**EXERCISE OBJECTIVE**
Using the data below, reproduce exactly the lines from the line with "Autumn view of" to the line with "KEFRI Board of", both included; pictures must be dropped.

**EXTRACTED RECORDS**
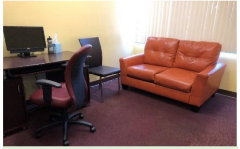
Therapy Room 9
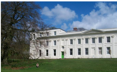
Woodbrooke
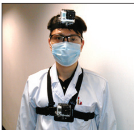
Figure 3a. The demonstrator wearing two GoPro cameras.

Using the GoPro camera to record FPV videos, however, solves the aforementioned problems. In this trial, the demonstrator wore two GoPro cameras; one strapped onto the forehead (Figure 3a), the other strapped onto the chest (Figure 3b).
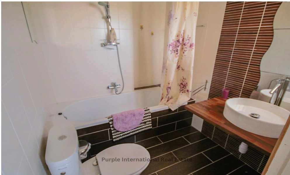
Purple International Real Estate
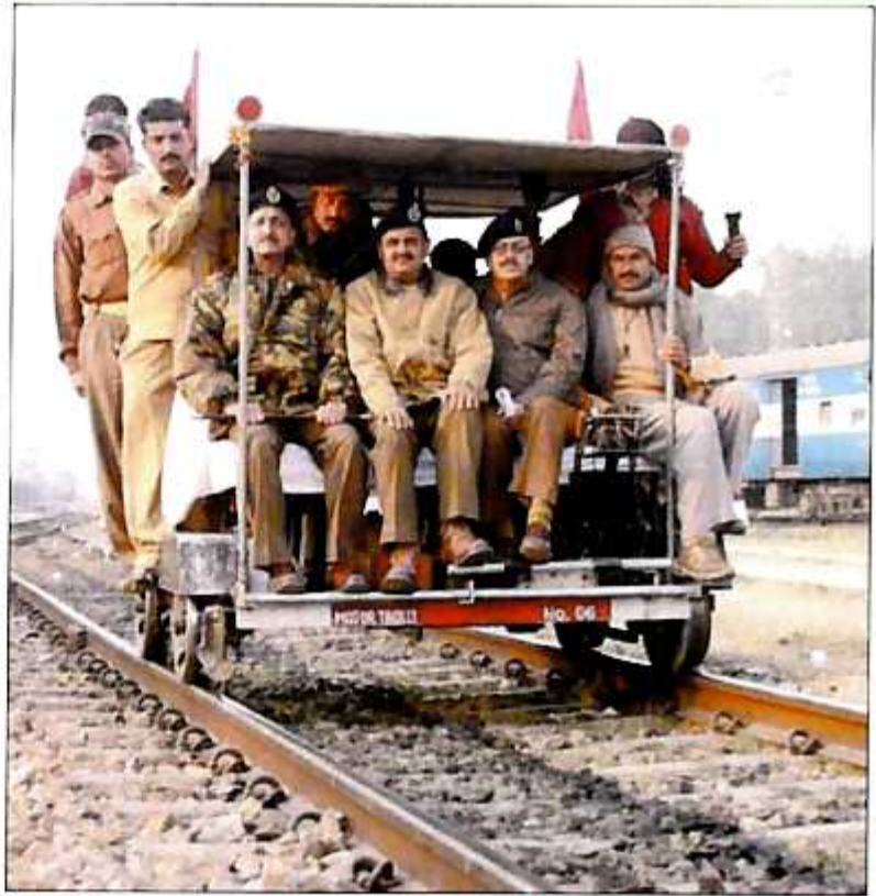
Shri Navin Agarwal IPS IGP Railways J&K inspecting Jammu-Udhampur Railways track on December 09, 2010

During the daylong inspection, the IGP held detailed interaction with the GRP personnel at all the railway stations and worked out the requirement of necessary infrastructure. He assured the cops that upgraded security related infrastructure would come up within next three to four months so that they don't face any problem in maintaining vigil particularly at the vulnerable spots like bridges and tunnels.
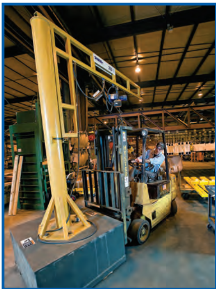
Freestanding Workstation Jib Crane with Portable Base
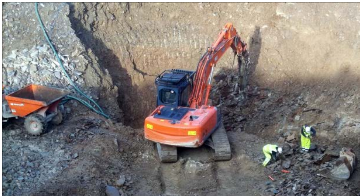
Plate A2/17: Typical working arrangement within the quarry working area - The excavator uses a 'pecker' attachment to break the rock, which is then hand sorted by the two operatives and placed into the bucket. Once full the excavator tips attached the bucket and tips the stone into the dumper truck, which when full is taken to the processing area (10/04/2013).
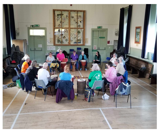
Making music with hosts Stranraer Drum for Fun at a recent taster session in Glenluce Public Hall
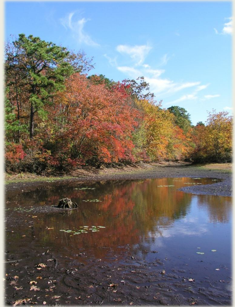
Autumn view of the 203 acre Wollman property Medford & Shamong townships, Burlington County
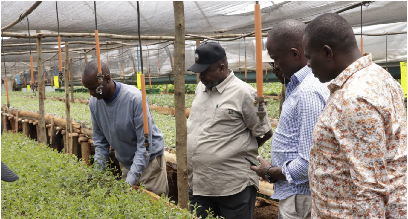
KEFRI Board of Directors visits Finlays greenhouse in Kericho County

The activity also extended to the Kamara establishment plot, providing a comprehensive overview of KEFRI's advancements in sustainable forestry practices.
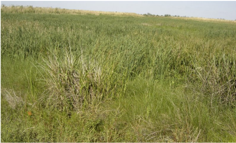
Figure 13. Fresh Fluid Mineral Marsh - 2.2 Community

The fresh marsh is extremely sensitive to increases in salinity. The salinity level of the Fresh Firm Mineral Marsh is consistently less than 3 ppt, and is optimally less than 1 ppt. As salinity increases, the less salt tolerant species begin to decline. Maidencane declines when salinity is consistently greater than 1 ppt. Giant cutgrass can't tolerate salinity levels greater than 2 ppt. California bulrush will persist in salinity up to 3 ppt. Jamaica sawgrass and cattail are more salt tolerant and will persist when salinity levels are 4 ppt., which grades into an intermediate marsh site. As fresh marsh plants begin to decline from the plant community, more salt tolerant species such as marshhay cordgrass, seashore paspalum, and spikerush begin to appear. This depends on the availability of plant material from adjacent sites
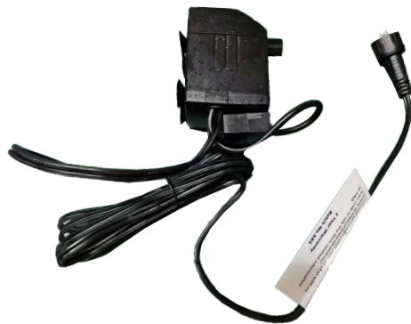
B. Auto Shut Off Pump
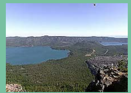
Newberry Nat'l Volcanic Monument Cascade Lakes Scenic Byway
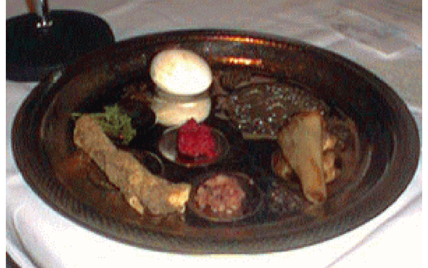
The Pesach (Passover) Seder Plate (for the Pesach Meal)

G-d declared Passover (Pesach) to be a permanent celebration for all
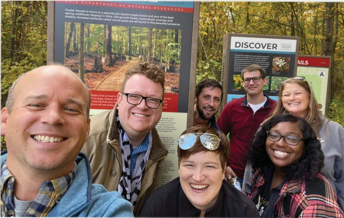
October - Road Rally
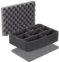
1450TPKIT TrekPak Case Divider Kit
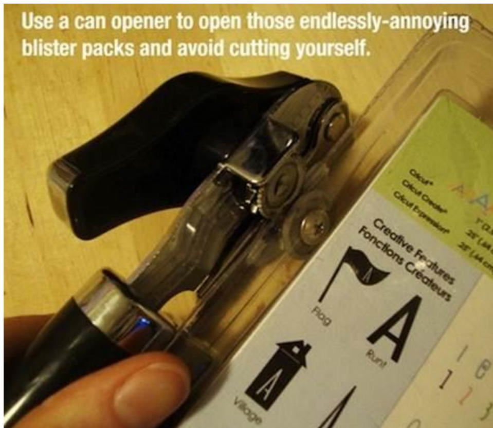
This has to be the simplest way to open those annoying blister packs! TERRIFIC
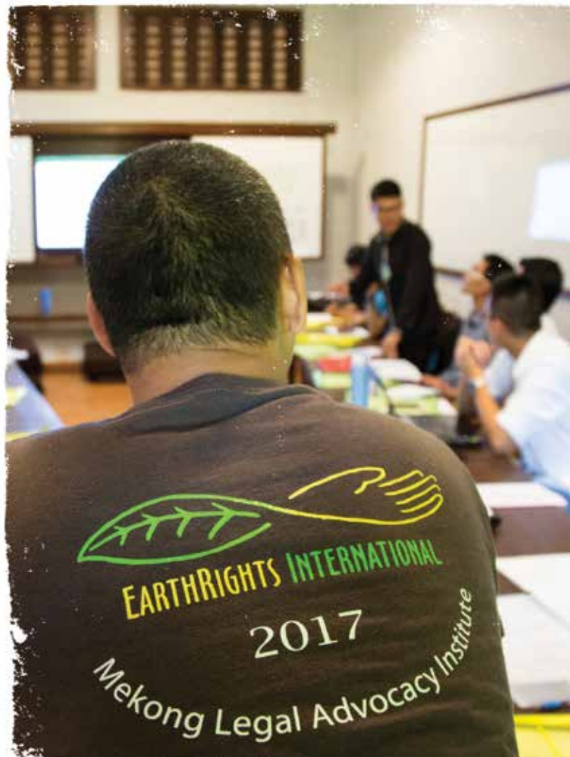
Participants at the Mekong Legal Advocacy Institute at the Mitharsuu Center for Leadership and Justice.

The global protection strategy contains concrete actions that will help reduce the number and severity of attacks against earth rights defenders. The strategy includes actions to fight projects that extract and exploit, fight corruption, challenge donor policies that harm defenders, strengthen the skills of and resources available to earth rights defenders, and includes options for use of the legal system. It is our hope that by outlining our vision and strategy that civil society – including both national and international NGOs – can act in a coordinated and strategic way, and with our collective efforts scaled up, to be more effective in working to reduce threats and attacks against earth rights defenders. We also hope that the strategy acts as a guide for funders, and a resource for communities, governments, international
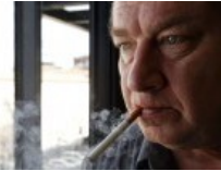
Ulrich Gregor about the bear's favorite "Kaurismäki's film is the highlight of the Berlinale"
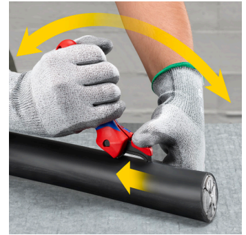
Ratchet function enables stripping with less effort for a variety of larger diameter cable sheaths
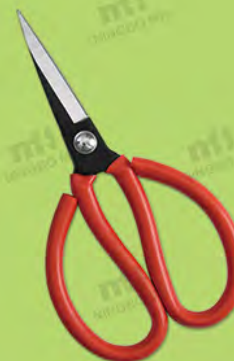
6901-9046 Size: 8"

**SOLUTION TO THIS PROBLEM**
Autumn view of the 203 acre Wollman property Medford & Shamong townships, Burlington County
KEFRI Board of Directors visits Finlays greenhouse in Kericho County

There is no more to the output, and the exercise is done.